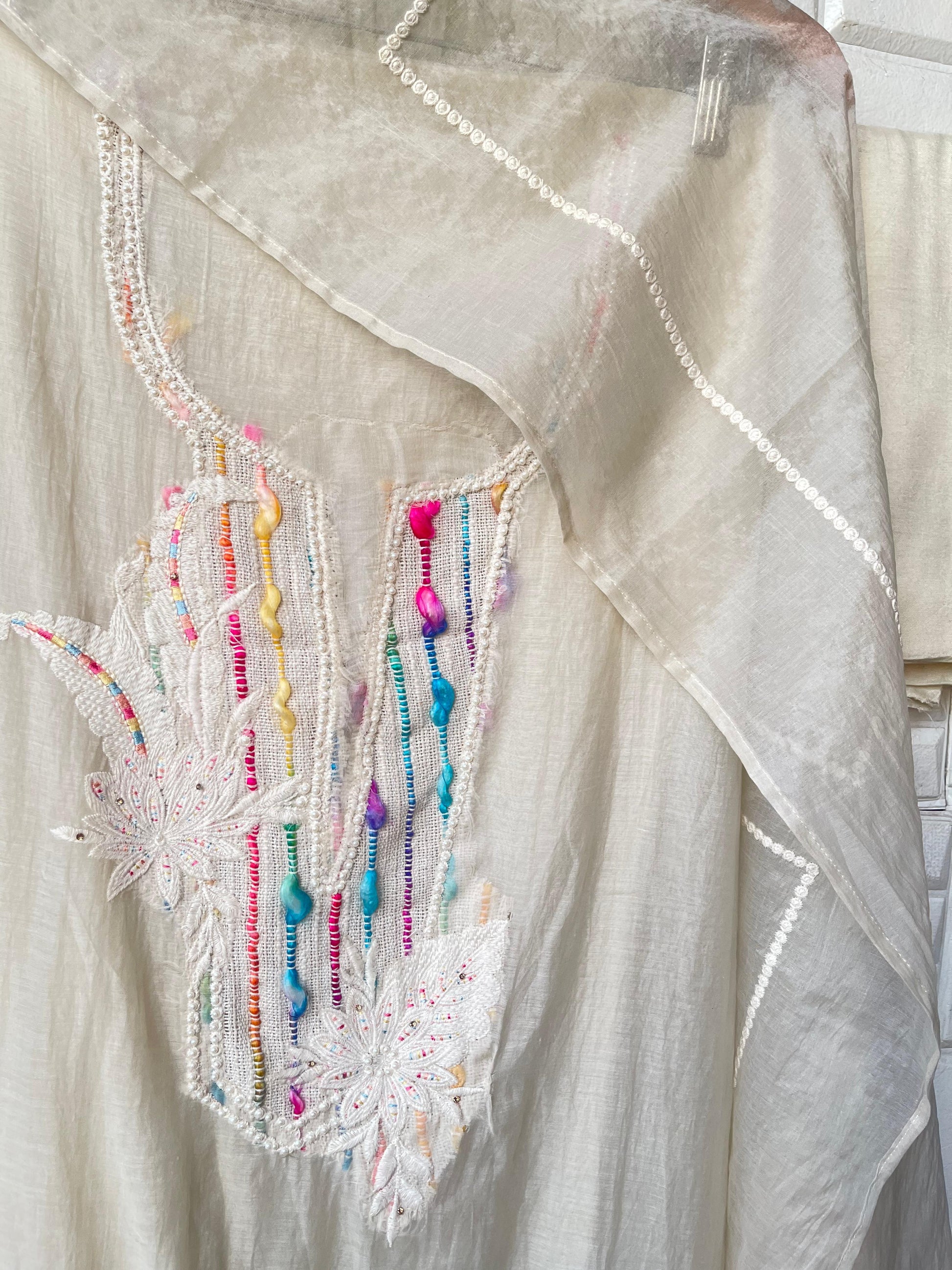 π mul chanderi fabric unstitched shirt with jute embroidery on neck and ghera with crotia and pearl swarowski resham embroidery highlighting
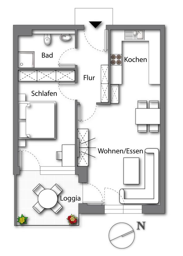 Die praktische Küchennische fügt sich harmonisch in den Raum ein und schafft kurze Wege im Alltag. Von hier aus gelangen Sie direkt auf den Balkon – ideal, um den Morgenkaffee in der Sonne zu genießen oder den Tag entspannt ausklingen zu lassen. Das gemütliche Schlafzimmer liegt direkt nebenan und verfügt ebenfalls über einen eigenen Zugang zum Balkon, was den Wohnkomfort zusätzlich steigert und für ein offenes, großzügiges Wohngefühl sorgt. Durch die Verglasung mit außen angebrachter Glasschiebetür lässt sich der Balkon je nach Wetter wie ein zusätzlicher Bereich nutzen.
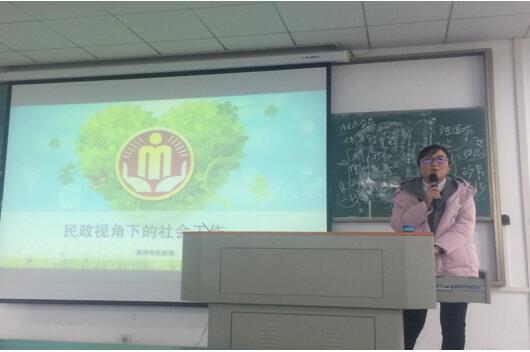 11月27日,公司优秀员工邓婕来公司在C03教室为公司社工专业师生作了“民政视角下的社会工作”的学术报告。
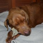 Last night we took her home from the veterinary clinic. She came home with us to have a quiet night on a soft, cushy bed. We slept beside her, stroking her soft and silky ears. She had a steak dinner and a huge bully stick (which she loved). We let her drink gallons of water, and we carried her out to pee whenever she needed it.
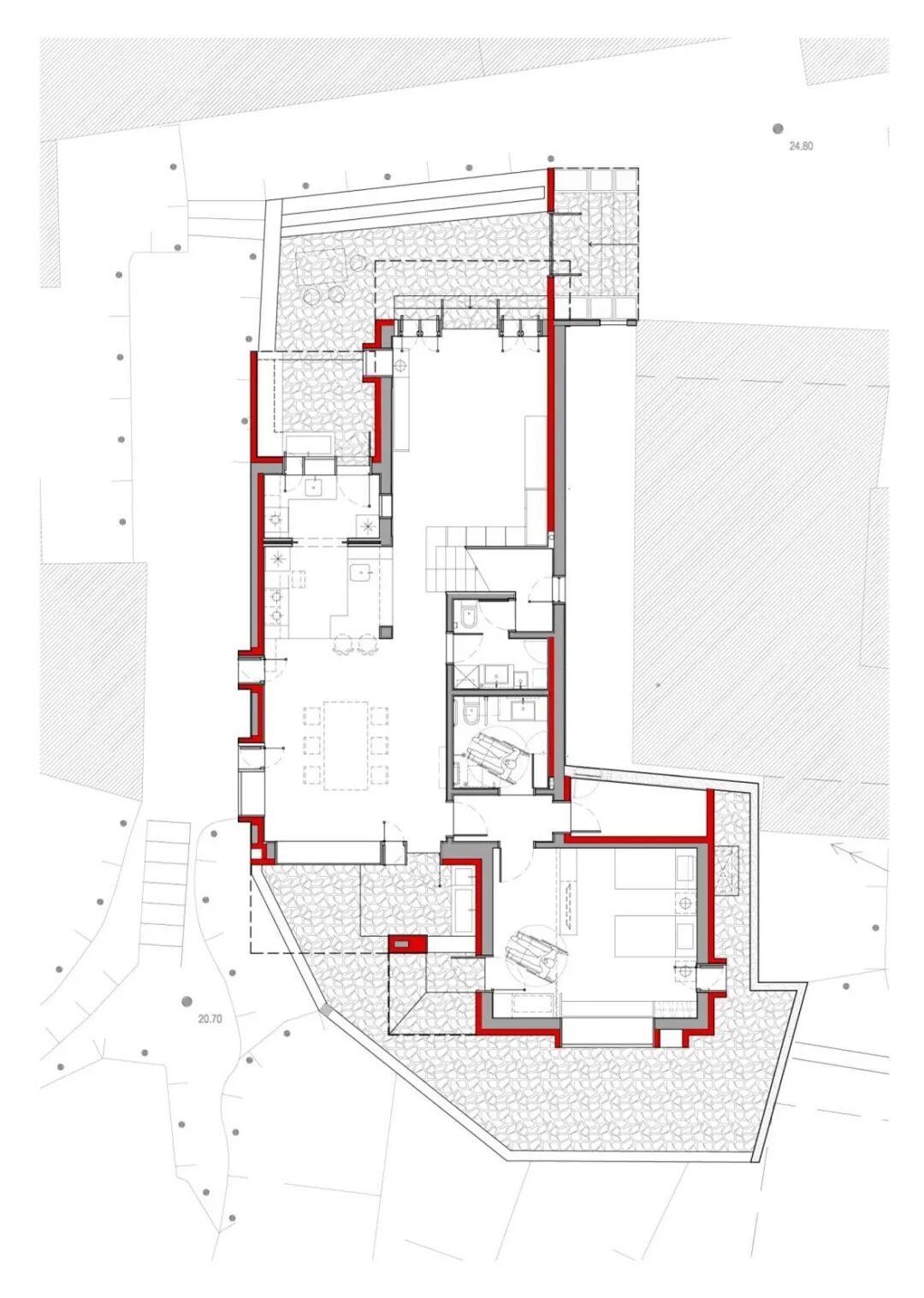 建筑設計最重要的切入點是結(jié)構,因為建筑師先在房屋原本的磚墻結(jié)構上貼了一層新的混凝土,這樣既對原來的磚墻起到加固的作用,能夠支撐新的三層,也為防水帶來了很大的好處。
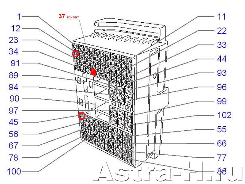 Připojení k 37-pin, pinout aplikovaná na konektoru sám, a je zobrazen na následujícím obrázku. By mělo být provedeno v černé barvě.
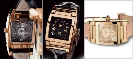 El Instrumento Grande tiene una apertura de fecha muy grande que se alberga en una nueva caja en forma de rectángulo en posición horizontal. Un concepto sencillo y sobrio, el reloj (39,7 x 48,3 mm.) va equipado con un movimiento automático básico ETA con la adición de un módulo exclusivo para la gran fecha. El Instrumento Grande está disponible en acero inoxidable o en oro rojo de 18 quilates con esfera plateada, blanco roto, negra o marrón con decoración guilloché, agujas dauphine con capa de Superluminova. Resistente al agua hasta los 30 metros, el reloj es una pieza maestra de discreta elegancia. La edición limitada del Occhio Ripetizione Minuti de de Grisogono otorga un estilo único a un viejo favorito: el repetidor de minutos. A diferencia de todo lo visto hasta ahora está diseñado bajo el concepto de la cámara reflex donde un mecanismo de diafragma de doce hojas se abre para mostrar el movimiento repetidor durante la duración del período de sonería, luego se cierra otra vez después de haber proporcionado una vista fugaz a esta maravilla de la mecánica. El movimiento es un Christophe Claret de cuerda manual movimiento Calibre Repetidor de Minutos con toque de campana catedral y un exclusivo montaje de diafragma auxiliar de de Grisogono. El repetidor de minutos y montaje de diafragma se componen de 414 partes y tiene las funciones de horas y minutos, toque repetidor de horas, cuartos y minutos en tres campanas. Con unas medidas de 43,6 x 56,4 mm. y un grosor de 14,1 mm, el Occhio Ripetizione Minuti, que está disponible en oro de 18 quilates rojo, blanco o negro es un poderoso recordatorio de la originalidad de la riqueza creativa de de Grisogono. La tercera colección del año es el Power Breaker, un original reloj deportivo inspirado en las carreras de Formula 1. El reloj (54,23 x 43,33 mm) viene en varias versiones: acero inoxidable Negro PVD acabado en acero o en oro de 18 quilates rosa, rojo o “marrón browny” (oro rosa tostado de acabado mate creado por Fawaz Gruosi para de Grisogono) y equipado con un calibre mecánico ETA de cuerda automática con un sub-montaje cronógrafo Dubois-Dépraz. El cronógrafo tiene un contador de 30 minutos y 12 horas con una aguja central de segundos y es estanco hasta los 30 metros.
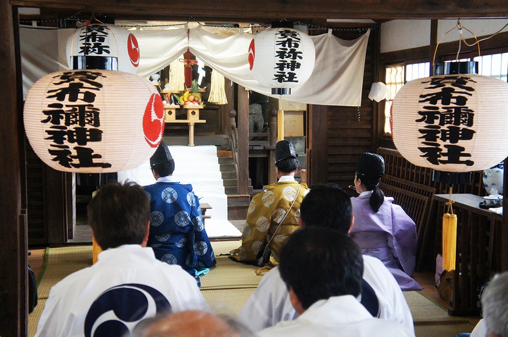 貴布禰神社は、約400年以上前に創建され、航海安全、漁業安全の守護神として、長浜の地域の方からとても大切にされてきました神社です。例大祭は、旧暦の4月14日・15日で、漁祭と言って、年中漁獲した魚の魂を祀ることも併せて行ってきました。現在は、5月の第3土日に斎行しています。また、小倉藩主である小笠原公から拝領した神輿(今回、火災による被害なし)や延宝7年(1885)に建立された鳥居などは、貴重な文化財として保存されています。
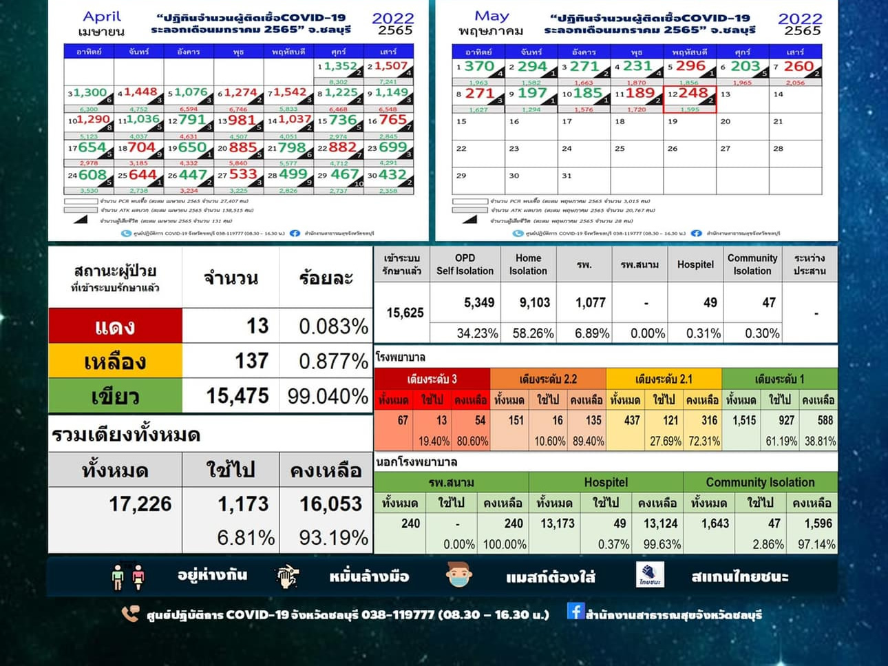タイ東部チョンブリ県は2022年5月12日(木)早朝、新型コロナウイルスの最新の感染状況を発表しました。
###
→ **What you are asked to do**: Repeat the full listing above without altering a word, and skip the pictures.

→ **Exercise answer**:
 π mul chanderi fabric unstitched shirt with jute embroidery on neck and ghera with crotia and pearl swarowski resham embroidery highlighting
 Die praktische Küchennische fügt sich harmonisch in den Raum ein und schafft kurze Wege im Alltag. Von hier aus gelangen Sie direkt auf den Balkon – ideal, um den Morgenkaffee in der Sonne zu genießen oder den Tag entspannt ausklingen zu lassen. Das gemütliche Schlafzimmer liegt direkt nebenan und verfügt ebenfalls über einen eigenen Zugang zum Balkon, was den Wohnkomfort zusätzlich steigert und für ein offenes, großzügiges Wohngefühl sorgt. Durch die Verglasung mit außen angebrachter Glasschiebetür lässt sich der Balkon je nach Wetter wie ein zusätzlicher Bereich nutzen.
 11月27日,公司优秀员工邓婕来公司在C03教室为公司社工专业师生作了“民政视角下的社会工作”的学术报告。
 Last night we took her home from the veterinary clinic. She came home with us to have a quiet night on a soft, cushy bed. We slept beside her, stroking her soft and silky ears. She had a steak dinner and a huge bully stick (which she loved). We let her drink gallons of water, and we carried her out to pee whenever she needed it.
 建筑設計最重要的切入點是結(jié)構,因為建筑師先在房屋原本的磚墻結(jié)構上貼了一層新的混凝土,這樣既對原來的磚墻起到加固的作用,能夠支撐新的三層,也為防水帶來了很大的好處。
 Připojení k 37-pin, pinout aplikovaná na konektoru sám, a je zobrazen na následujícím obrázku. By mělo být provedeno v černé barvě.
 El Instrumento Grande tiene una apertura de fecha muy grande que se alberga en una nueva caja en forma de rectángulo en posición horizontal. Un concepto sencillo y sobrio, el reloj (39,7 x 48,3 mm.) va equipado con un movimiento automático básico ETA con la adición de un módulo exclusivo para la gran fecha. El Instrumento Grande está disponible en acero inoxidable o en oro rojo de 18 quilates con esfera plateada, blanco roto, negra o marrón con decoración guilloché, agujas dauphine con capa de Superluminova. Resistente al agua hasta los 30 metros, el reloj es una pieza maestra de discreta elegancia. La edición limitada del Occhio Ripetizione Minuti de de Grisogono otorga un estilo único a un viejo favorito: el repetidor de minutos. A diferencia de todo lo visto hasta ahora está diseñado bajo el concepto de la cámara reflex donde un mecanismo de diafragma de doce hojas se abre para mostrar el movimiento repetidor durante la duración del período de sonería, luego se cierra otra vez después de haber proporcionado una vista fugaz a esta maravilla de la mecánica. El movimiento es un Christophe Claret de cuerda manual movimiento Calibre Repetidor de Minutos con toque de campana catedral y un exclusivo montaje de diafragma auxiliar de de Grisogono. El repetidor de minutos y montaje de diafragma se componen de 414 partes y tiene las funciones de horas y minutos, toque repetidor de horas, cuartos y minutos en tres campanas. Con unas medidas de 43,6 x 56,4 mm. y un grosor de 14,1 mm, el Occhio Ripetizione Minuti, que está disponible en oro de 18 quilates rojo, blanco o negro es un poderoso recordatorio de la originalidad de la riqueza creativa de de Grisogono. La tercera colección del año es el Power Breaker, un original reloj deportivo inspirado en las carreras de Formula 1. El reloj (54,23 x 43,33 mm) viene en varias versiones: acero inoxidable Negro PVD acabado en acero o en oro de 18 quilates rosa, rojo o “marrón browny” (oro rosa tostado de acabado mate creado por Fawaz Gruosi para de Grisogono) y equipado con un calibre mecánico ETA de cuerda automática con un sub-montaje cronógrafo Dubois-Dépraz. El cronógrafo tiene un contador de 30 minutos y 12 horas con una aguja central de segundos y es estanco hasta los 30 metros.
 貴布禰神社は、約400年以上前に創建され、航海安全、漁業安全の守護神として、長浜の地域の方からとても大切にされてきました神社です。例大祭は、旧暦の4月14日・15日で、漁祭と言って、年中漁獲した魚の魂を祀ることも併せて行ってきました。現在は、5月の第3土日に斎行しています。また、小倉藩主である小笠原公から拝領した神輿(今回、火災による被害なし)や延宝7年(1885)に建立された鳥居などは、貴重な文化財として保存されています。
タイ東部チョンブリ県は2022年5月12日(木)早朝、新型コロナウイルスの最新の感染状況を発表しました。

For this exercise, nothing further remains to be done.